#### [Problem to work on]
Nothing may be left out of the listing below but its images; repeat the rest exactly.

#### [Given information]
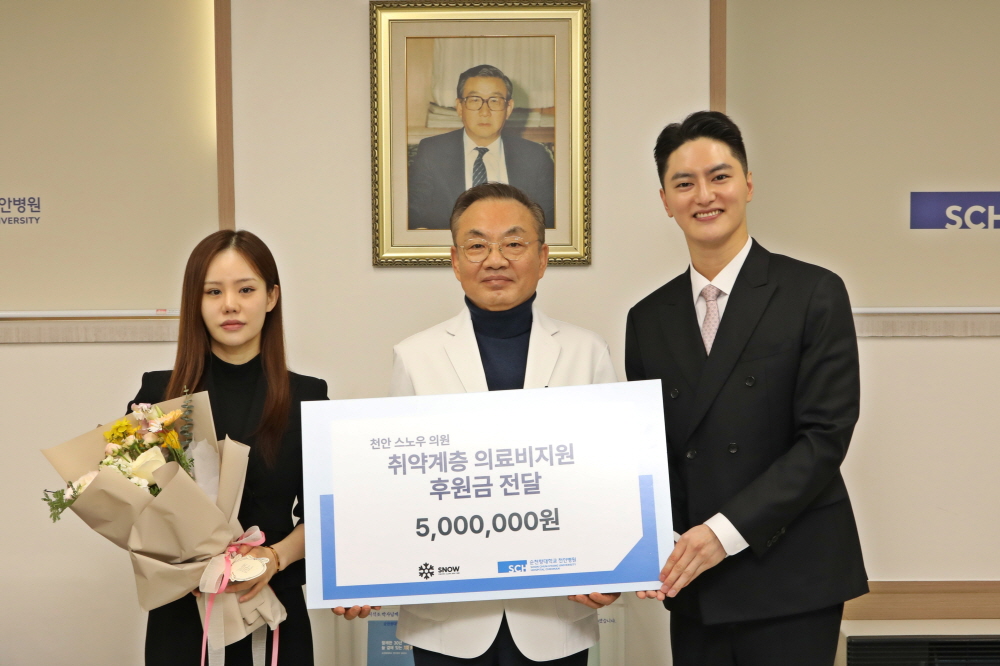 천안스노우의원(대표원장 윤석진)이 순천향대학교 부속 천안병원(병원장 이문수)에 지역 취약계층 환자를 위한 의료비 지원금 500만 원을 후원했다.
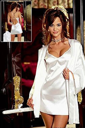 Pentru miresele care vor sa isi cucereasca sotul prin eleganta, simplitate, feminitate si totodata tinuta sexy pot opta pentru acest set format dintr-o rochita decupata la spate si un halat confectionat din satin. Setul este disponibil si in variantele rosu, negru si roz in magazinele Just4girls.
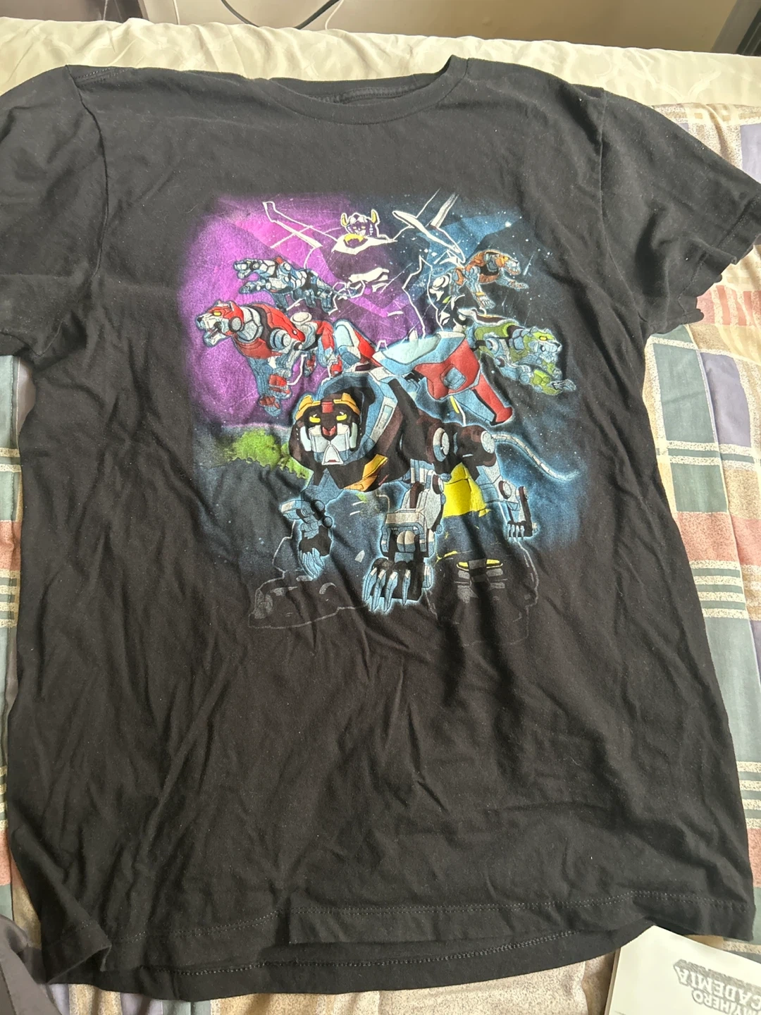 Selling a black Voltron T-shirt. It features a colourful graphic of the Voltron lions and characters. It's in good condition and ready for a new home!

#### [Answer to this task]
 천안스노우의원(대표원장 윤석진)이 순천향대학교 부속 천안병원(병원장 이문수)에 지역 취약계층 환자를 위한 의료비 지원금 500만 원을 후원했다.
 Pentru miresele care vor sa isi cucereasca sotul prin eleganta, simplitate, feminitate si totodata tinuta sexy pot opta pentru acest set format dintr-o rochita decupata la spate si un halat confectionat din satin. Setul este disponibil si in variantele rosu, negru si roz in magazinele Just4girls.
 Selling a black Voltron T-shirt. It features a colourful graphic of the Voltron lions and characters. It's in good condition and ready for a new home!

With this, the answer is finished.